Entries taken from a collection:
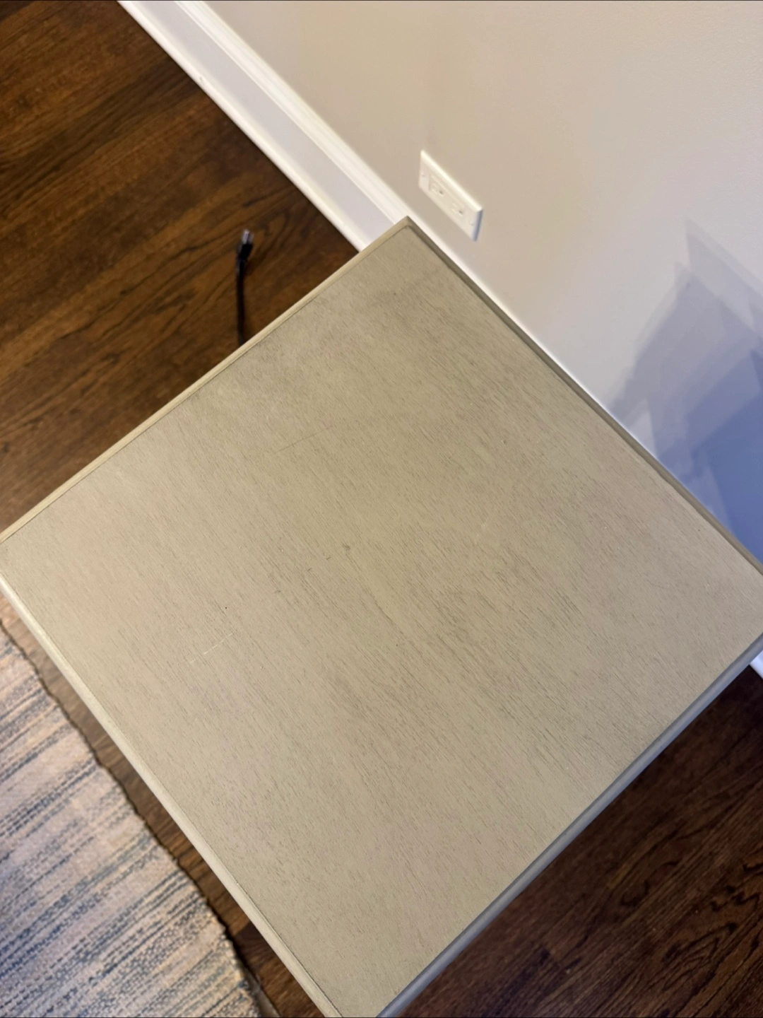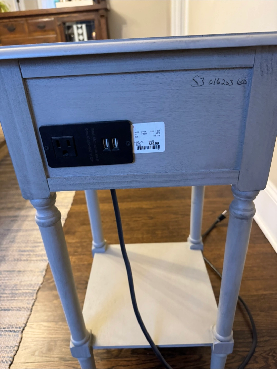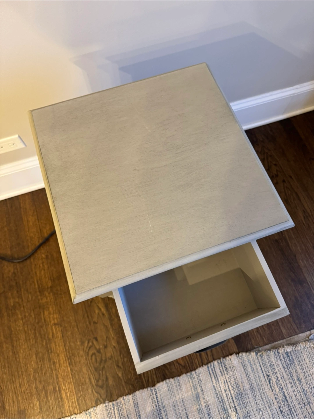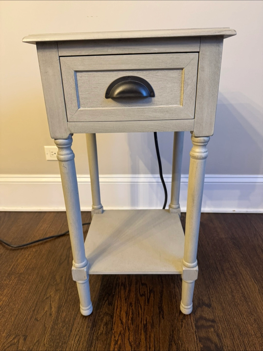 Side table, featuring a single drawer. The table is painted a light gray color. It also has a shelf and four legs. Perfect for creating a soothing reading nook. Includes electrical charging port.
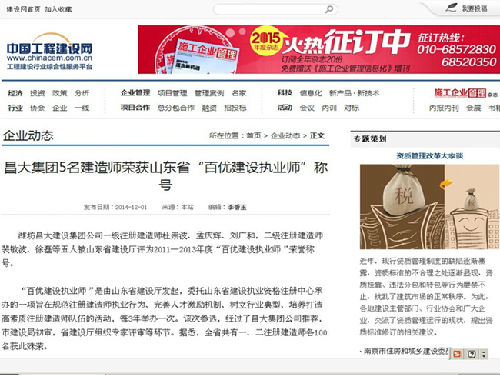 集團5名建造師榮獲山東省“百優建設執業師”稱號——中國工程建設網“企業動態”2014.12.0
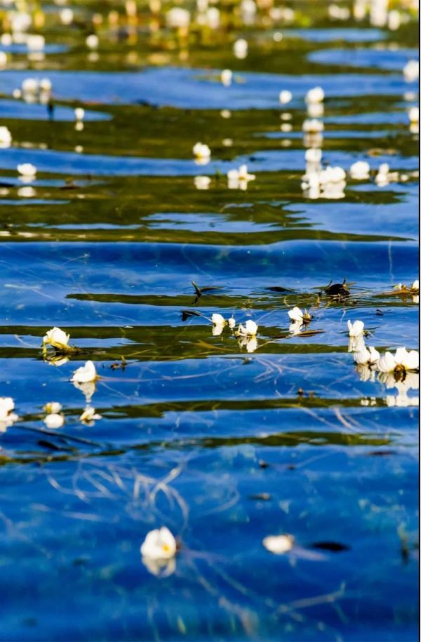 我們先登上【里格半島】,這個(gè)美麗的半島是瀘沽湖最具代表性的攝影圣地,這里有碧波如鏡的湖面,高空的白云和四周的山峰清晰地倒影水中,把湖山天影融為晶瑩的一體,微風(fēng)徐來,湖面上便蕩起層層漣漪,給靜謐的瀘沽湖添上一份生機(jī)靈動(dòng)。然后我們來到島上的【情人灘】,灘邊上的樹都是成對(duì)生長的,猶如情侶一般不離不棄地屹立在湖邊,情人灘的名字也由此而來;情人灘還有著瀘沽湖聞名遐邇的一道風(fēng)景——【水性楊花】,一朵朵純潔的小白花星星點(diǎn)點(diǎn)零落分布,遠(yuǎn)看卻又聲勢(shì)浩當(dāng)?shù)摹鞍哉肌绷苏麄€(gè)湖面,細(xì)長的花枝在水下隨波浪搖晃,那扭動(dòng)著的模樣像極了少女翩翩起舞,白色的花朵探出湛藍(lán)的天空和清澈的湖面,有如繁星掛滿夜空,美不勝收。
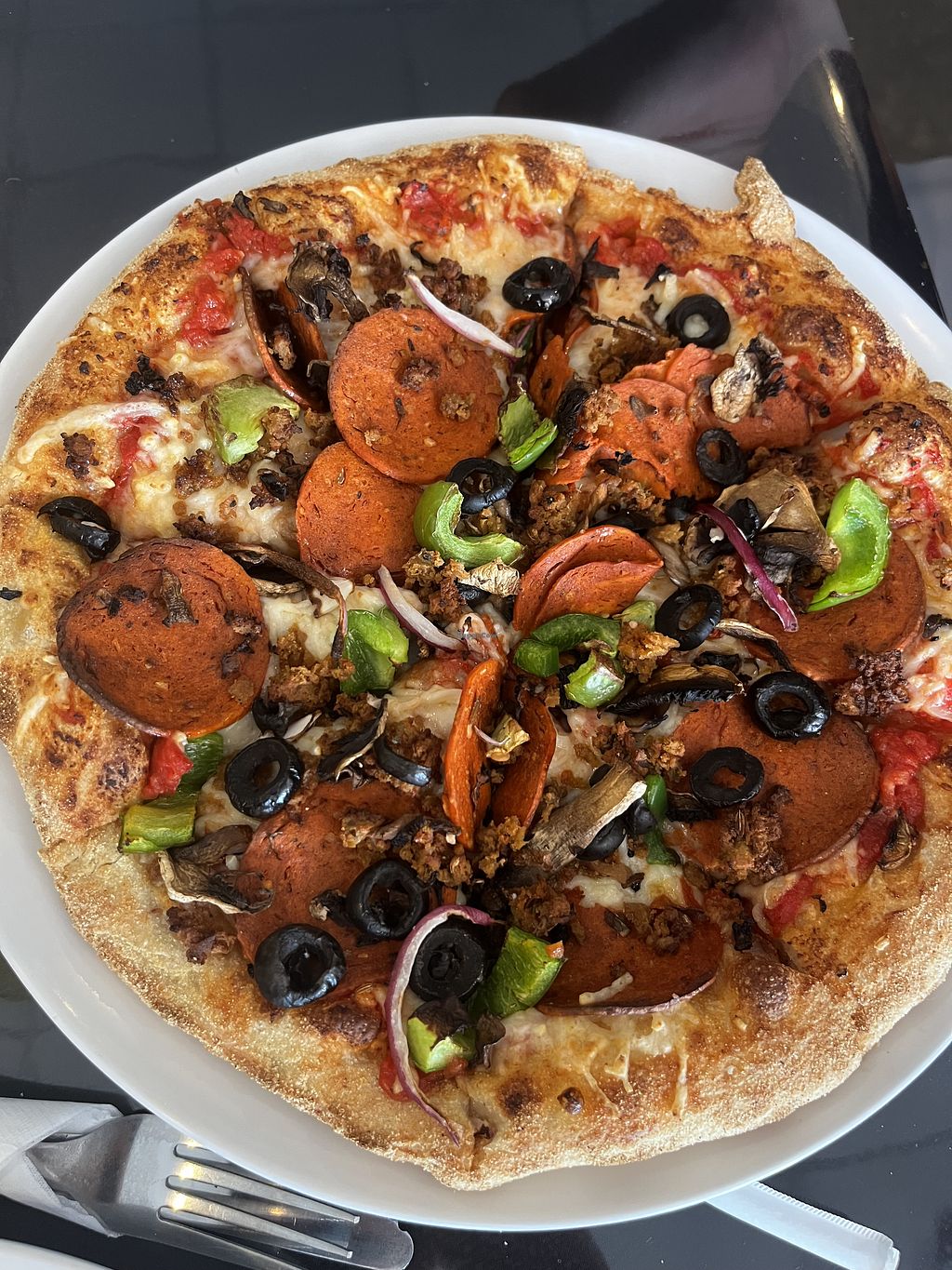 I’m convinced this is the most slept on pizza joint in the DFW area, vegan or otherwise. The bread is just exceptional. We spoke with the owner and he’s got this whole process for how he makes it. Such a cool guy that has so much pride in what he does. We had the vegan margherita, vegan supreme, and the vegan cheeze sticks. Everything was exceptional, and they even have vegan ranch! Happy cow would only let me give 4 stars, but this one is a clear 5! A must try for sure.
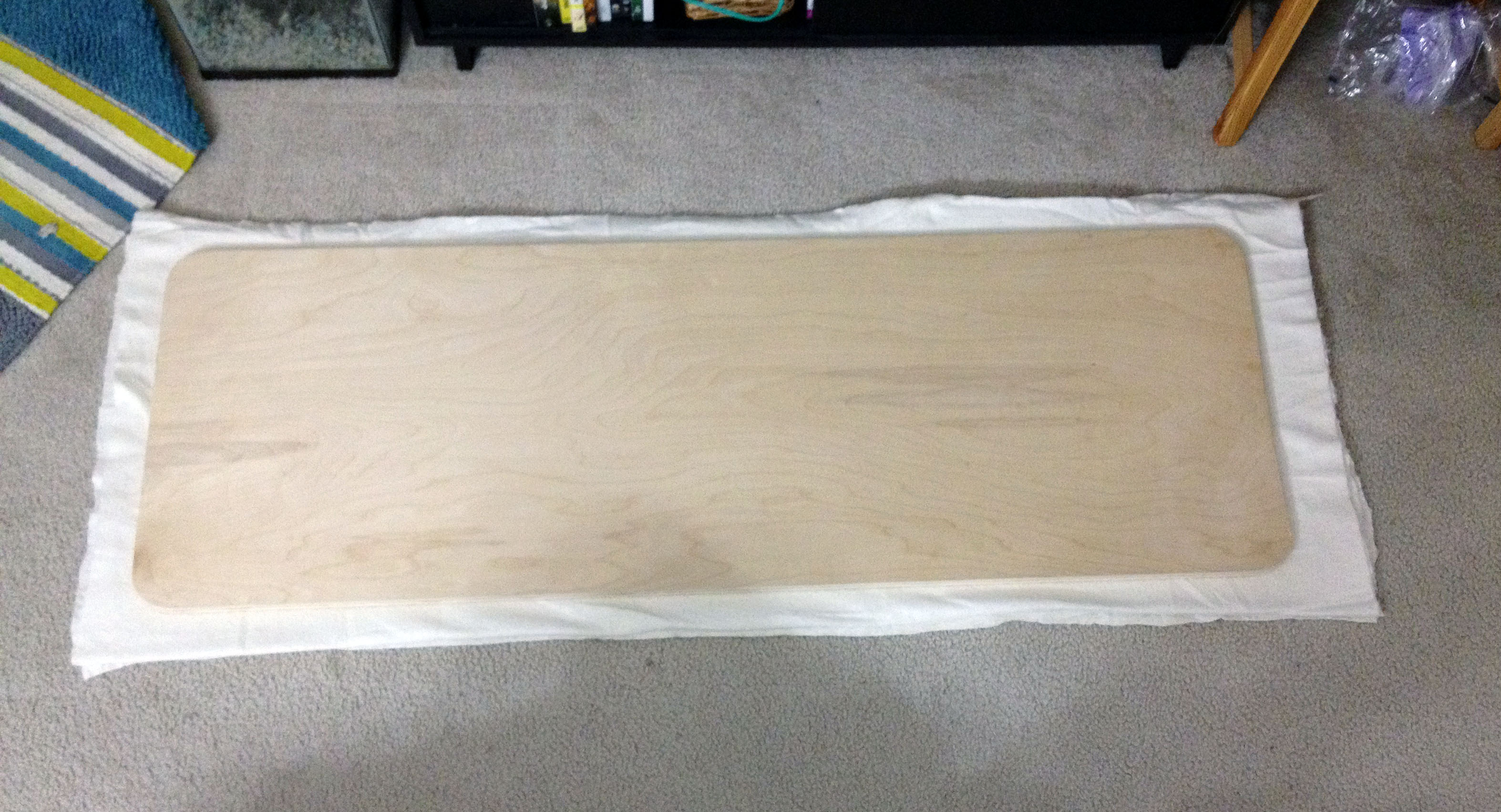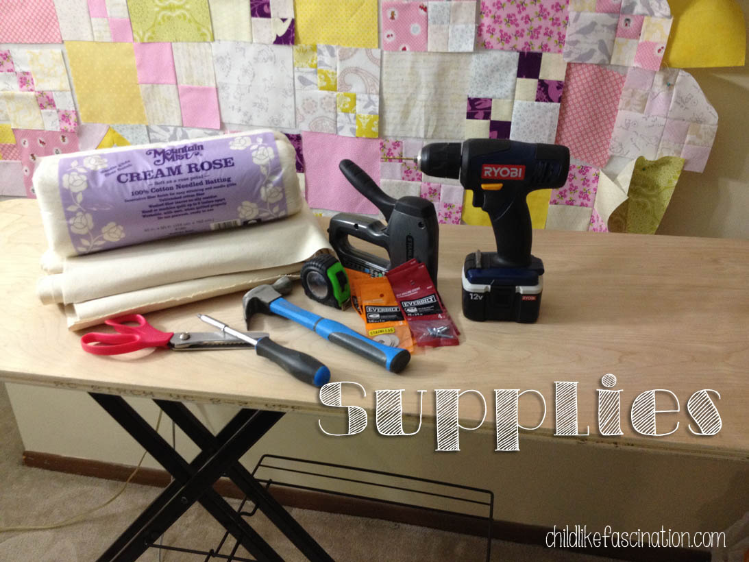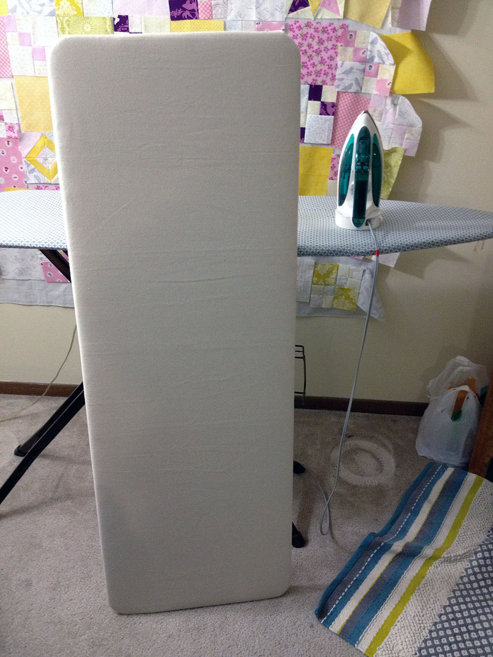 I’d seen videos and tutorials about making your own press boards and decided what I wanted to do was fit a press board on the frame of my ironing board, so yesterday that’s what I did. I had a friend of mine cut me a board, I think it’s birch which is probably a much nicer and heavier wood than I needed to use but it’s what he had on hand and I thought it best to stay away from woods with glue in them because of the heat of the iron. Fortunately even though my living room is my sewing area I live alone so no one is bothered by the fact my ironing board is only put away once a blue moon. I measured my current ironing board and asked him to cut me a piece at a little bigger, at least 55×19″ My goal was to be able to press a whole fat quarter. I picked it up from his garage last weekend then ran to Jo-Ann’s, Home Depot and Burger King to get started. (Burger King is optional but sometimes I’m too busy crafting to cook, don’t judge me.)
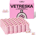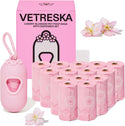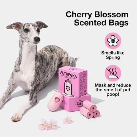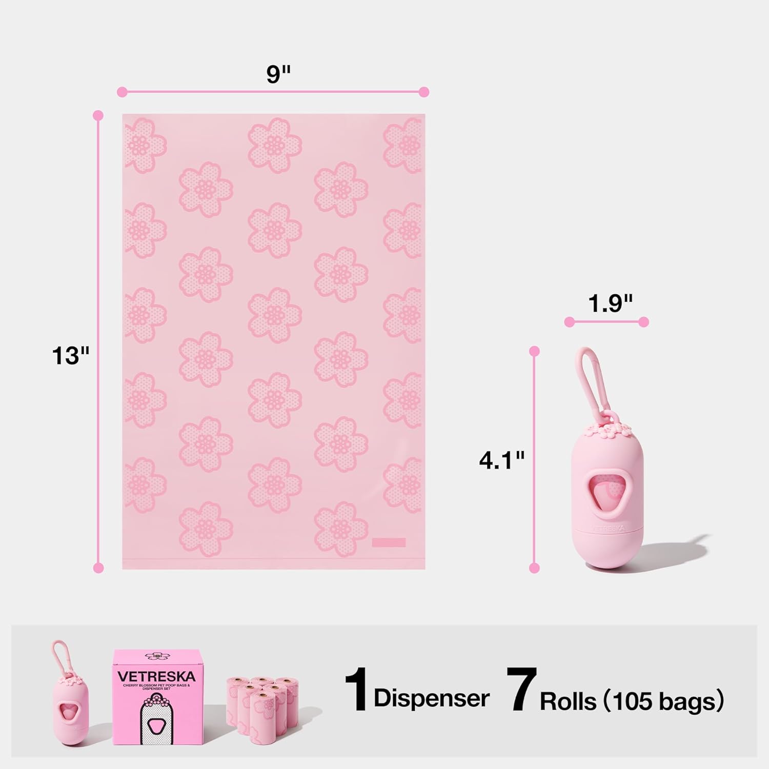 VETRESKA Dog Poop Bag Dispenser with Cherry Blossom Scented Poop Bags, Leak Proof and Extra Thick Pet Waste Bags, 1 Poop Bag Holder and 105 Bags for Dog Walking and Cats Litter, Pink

- [Problem description]:
Leave out any pictures, please, and quote only the lines from the top of the data through the line that contains "I’m convinced this".

- [Answer to this task]:
 Side table, featuring a single drawer. The table is painted a light gray color. It also has a shelf and four legs. Perfect for creating a soothing reading nook. Includes electrical charging port.
 集團5名建造師榮獲山東省“百優建設執業師”稱號——中國工程建設網“企業動態”2014.12.0
 我們先登上【里格半島】,這個(gè)美麗的半島是瀘沽湖最具代表性的攝影圣地,這里有碧波如鏡的湖面,高空的白云和四周的山峰清晰地倒影水中,把湖山天影融為晶瑩的一體,微風(fēng)徐來,湖面上便蕩起層層漣漪,給靜謐的瀘沽湖添上一份生機(jī)靈動(dòng)。然后我們來到島上的【情人灘】,灘邊上的樹都是成對(duì)生長的,猶如情侶一般不離不棄地屹立在湖邊,情人灘的名字也由此而來;情人灘還有著瀘沽湖聞名遐邇的一道風(fēng)景——【水性楊花】,一朵朵純潔的小白花星星點(diǎn)點(diǎn)零落分布,遠(yuǎn)看卻又聲勢(shì)浩當(dāng)?shù)摹鞍哉肌绷苏麄€(gè)湖面,細(xì)長的花枝在水下隨波浪搖晃,那扭動(dòng)著的模樣像極了少女翩翩起舞,白色的花朵探出湛藍(lán)的天空和清澈的湖面,有如繁星掛滿夜空,美不勝收。
 I’m convinced this is the most slept on pizza joint in the DFW area, vegan or otherwise. The bread is just exceptional. We spoke with the owner and he’s got this whole process for how he makes it. Such a cool guy that has so much pride in what he does. We had the vegan margherita, vegan supreme, and the vegan cheeze sticks. Everything was exceptional, and they even have vegan ranch! Happy cow would only let me give 4 stars, but this one is a clear 5! A must try for sure.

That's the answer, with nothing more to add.